Discussion
Plants cope with changing environments by adjusting their phenotype through phenotypic plasticity. The four adaptive phenotypes studied here, namely early and final rosette size, flowering time and seed yield, are known to respond to varying N availability (de Jong et al., 2019; Ikram et al., 2012; Masclaux-Daubresse & Chardon, 2011; Meyer et al., 2019; North et al., 2009). However, the genetic basis of their phenotypic plasticity in response to N availability is unknown. In this study, we quantified plasticity of the four phenotypes in response to N by using both CV and FC and used GWA analysis to identify candidate genes. None of the significantly associated loci contained genes known to be involved in N response, indicating that the plasticity to N availability has independent genetic basis in comparison to the focal N-related traits. This was further supported with our observation that the loci associated to the mean trait value of the accessions in different N condition were different from the loci associated with the trait plasticities to N. By using T-DNA mutant lines for the candidate genes, we verified that a regulator of chromosome condensation (RCC1) family protein, named here as PROTON1, influenced the plasticity of ERD in response to N availability. The T-DNA mutant line for PROTON1(SALK_117261) showed significantly larger size under limiting N and was significantly smaller under optimal N (Figure 3c), resulting in reduced plasticity of ERD across the conditions (Figure 3b). This suggests that RCC1-mediated stability in growth is attained by improved performance in the limiting conditions, but with reduced performance in optimal conditions.
RCC1-family proteins were first identified to function in regulating cell cycle, but since then different members of this family are known to be involved in diverse functions (Hadjebi et al., 2008). Arabidopsis contains 24 RCC1-family genes, but only four of them have been characterized so far. PROTON1 is the most highly expressed in roots and young leaves (BAR eFP Browser, Arabidopsis.org), and we found that it was induced by limiting N in young leaves (Figure 4b).

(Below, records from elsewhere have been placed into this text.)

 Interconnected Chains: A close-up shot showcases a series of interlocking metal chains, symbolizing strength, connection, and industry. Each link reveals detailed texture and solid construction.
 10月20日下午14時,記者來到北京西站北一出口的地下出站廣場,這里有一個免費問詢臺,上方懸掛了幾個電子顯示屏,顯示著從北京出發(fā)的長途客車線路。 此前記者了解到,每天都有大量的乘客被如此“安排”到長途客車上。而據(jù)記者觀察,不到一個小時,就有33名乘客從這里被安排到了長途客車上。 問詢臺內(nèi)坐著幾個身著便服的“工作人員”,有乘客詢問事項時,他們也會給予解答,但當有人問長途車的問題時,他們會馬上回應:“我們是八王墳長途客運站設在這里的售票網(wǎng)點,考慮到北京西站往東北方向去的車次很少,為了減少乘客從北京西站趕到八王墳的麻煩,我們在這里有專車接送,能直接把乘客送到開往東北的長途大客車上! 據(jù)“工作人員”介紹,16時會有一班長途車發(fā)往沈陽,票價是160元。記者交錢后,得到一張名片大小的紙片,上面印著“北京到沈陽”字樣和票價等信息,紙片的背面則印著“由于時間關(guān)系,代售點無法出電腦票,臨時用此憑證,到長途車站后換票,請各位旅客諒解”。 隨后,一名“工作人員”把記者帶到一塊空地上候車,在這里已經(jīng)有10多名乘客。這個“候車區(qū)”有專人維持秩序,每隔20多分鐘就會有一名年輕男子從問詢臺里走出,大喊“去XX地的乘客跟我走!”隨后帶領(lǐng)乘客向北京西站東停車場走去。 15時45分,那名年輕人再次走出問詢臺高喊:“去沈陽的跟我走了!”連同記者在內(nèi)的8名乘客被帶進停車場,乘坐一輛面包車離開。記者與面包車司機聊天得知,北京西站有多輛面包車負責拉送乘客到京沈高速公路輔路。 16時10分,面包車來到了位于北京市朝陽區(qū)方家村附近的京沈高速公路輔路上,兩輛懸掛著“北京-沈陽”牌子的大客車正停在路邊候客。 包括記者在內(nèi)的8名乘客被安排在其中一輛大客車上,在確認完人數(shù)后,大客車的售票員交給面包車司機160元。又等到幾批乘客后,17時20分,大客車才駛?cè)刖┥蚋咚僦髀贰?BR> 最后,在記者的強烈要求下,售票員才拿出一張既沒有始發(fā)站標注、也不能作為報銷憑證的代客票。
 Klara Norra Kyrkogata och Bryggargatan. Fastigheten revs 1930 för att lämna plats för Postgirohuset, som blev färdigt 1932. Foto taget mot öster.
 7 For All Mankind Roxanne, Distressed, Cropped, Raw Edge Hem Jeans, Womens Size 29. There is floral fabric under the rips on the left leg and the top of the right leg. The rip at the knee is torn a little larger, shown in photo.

Co-expression analysis of PROTON1 showed that it is co-expressed with eight genes with function in the spliceosome machinery (Figure S5) that mediates alternative splicing plants. The four genes in primary co-expression network of PROTON1 include two RNA-binding family protein members. One of these is SR34, a known splicing factors in Arabidopsis (Stankovic et al., 2016). The role of alternative splicing controlling PROTON1-mediated plasticity of ERD and FT in response to N availability remains to be investigated. Alternative splicing regulates gene expression and protein diversity by producing multiple mRNA isoforms from a single gene. In Arabidopsis , alternative splicing is known to regulate transitioning to flowering, but less is known how the alternative splicing is regulated by environmental cues. An intriguing question for future studies would be to investigate if variability in spliceosome, similar to the HSP90 system(Queitsch, Sangster, & Lindquist, 2002; Salathia & Queitsch, 2007; Sangster & Queitsch, 2005; Sangster et al., 2008; Zabinsky, Mason, Queitsch, & Jarosz, 2019), plays a central role in regulating plasticity in plants and animals.

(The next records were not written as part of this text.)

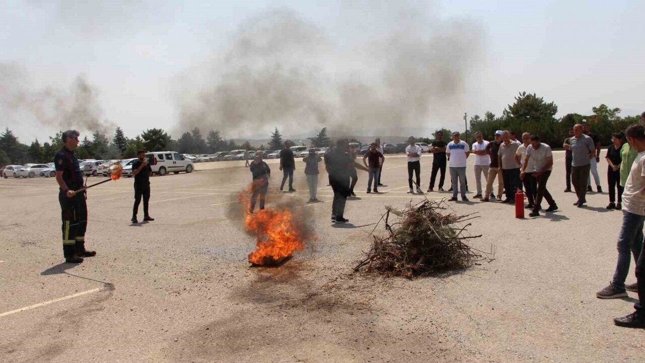 Tatbikat sonunda itfaiye ekipleri tarafından personele yangına ilk müdahale, yangın tüpü kullanımı ve alınacak tedbirler konusunda çeşitli bilgiler verildi.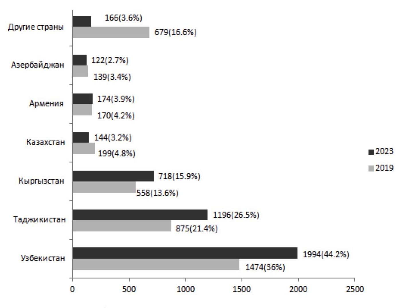 Рисунок 1. Количество прибывших иностранных граждан в Российскую Федерацию из разных стран в 2019 и 2023 гг., тыс. чел., %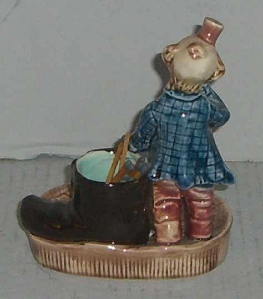 Majolica clown match holder with boot - 4" round by 6" tall Majolica clown match holder with boot - 4" round by 6" tall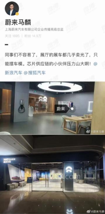 蔚來(lái)汽車馬麟在APP發(fā)表感嘆:“同事們不容易了,展廳的展車都幾乎賣(mài)光了,只能擺車模。芯片供應(yīng)鏈的小伙伴壓力山大啊?!?/P>

In addition to the genetic basis of plasticity, we used correlation analysis to investigate whether plasticity of specific primary metabolites was associated with the plasticity of any of the four phenotypes. We identified that plasticities of the fumarate and glycerate levels showed significant negative correlation with the plasticity of FRD. The mean levels of fumarate and glycerate were previously found to negatively correlate with the biomass of Arabidopsis plants grown under low N conditions (Sulpice et al., 2013). In our experiments, the mean levels of fumarate showed negative correlation with the mean ERD only under optimal N conditions (Figure S4c). This suggests, similar to the four phenotypes, that the mean metabolites levels associated with N responses are different from the plasticity of metabolite levels in response to N.

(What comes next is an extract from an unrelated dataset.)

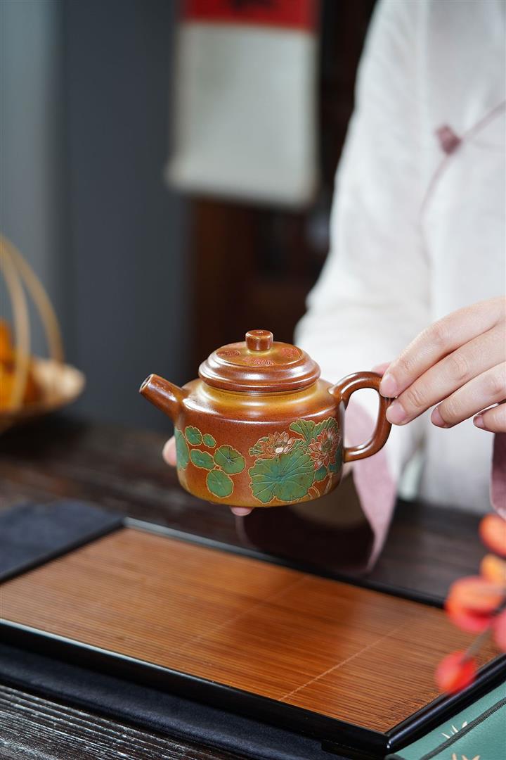 270cc原礦火雲燒荷花德鐘茶壺POT9010

To rapidly respond to changes in surroundings, plasticity in an important trait for survival of homozygous organisms, such as Arabidopsis. We found that plasticities of ERD and FT and the plasticity of FRD correlated in across the studied accessions (Figure 2c). In addition, proton1 mutant line was associated with both altered ERD and FT plasticity in response to N availability. Further, inproton1, the ERD and FT plasticities were due to faster development and earlier FT in limiting N conditions (Figure 4c, d). These findings indicate that these traits respond simultaneously to the changing N. Furthermore, we found that the different environments had different impact on the focal traits. This enhances our understanding of the complexity of possible constraints and consequences of selection when acting on plasticity in response to climate change. Altogether, these results highlight the importance to investigate plasticity of different phenotypes in multiple environments alone and in combination, when understanding the past, present and future relationships between the plants and environment.